Now Queen City and state leaders are trying to put the best face on the humiliating collapse and takeover Monday (by New York-based Citigroup) of a major North Carolina banking institution. But as Hugh McColl Jr., the retired Bank of America leader, put it with characteristic bluntness, "It's very, very much a body blow to the city."
It's also a testament to decades of good banking gone bad.
Wachovia, originally of Winston-Salem, prospered as a well-run, conservative institution. Early this decade it essentially sold itself to harder-charging First Union of Charlotte, which took the Wachovia name and seemed to engage in an asset race with Bank of America, Charlotte's other financial powerhouse. Then, when CEO Ken Thompson -- from the First Union side -- bought California mortgage lender Golden West Financial Corp. in 2006, he brought Wachovia nothing but trouble.

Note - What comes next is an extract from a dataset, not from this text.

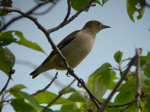 2006.4.26 (静岡県・磐田市)天竜川 コムクドリ25+、カワアイサ♀2、ツグミ- コムクドリは河川敷の新緑の枝に群れて、きれいでかわいい鳥です。 カワアイサは中洲でくつろいでいる様子。ツグミは枝から枝へと移動して、次々に集まってきます。

Golden West was loaded with lousy loans and turned out to be a distinctly subprime acquisition. With Wachovia's stock price plummeting, Thompson got the boot in June.
At the end, the prospect of a crippling credit downgrade forced the sale to Citigroup, with a big assist from the FDIC. Now Charlotte waits to see if initial reports -- that the Wachovia consumer banking operations will remain headquartered there, and that unfinished bank buildings will be completed promptly -- are true or just standard corporate dissembling.
Here's hoping that what's left of Wachovia keeps plenty of good jobs in Charlotte, in Raleigh and in North Carolina. The employees didn't bring this on, and the state remains a good place for big banks to do business. It was imprudent ambition and bad timing that brought Wachovia's proud name to the ground.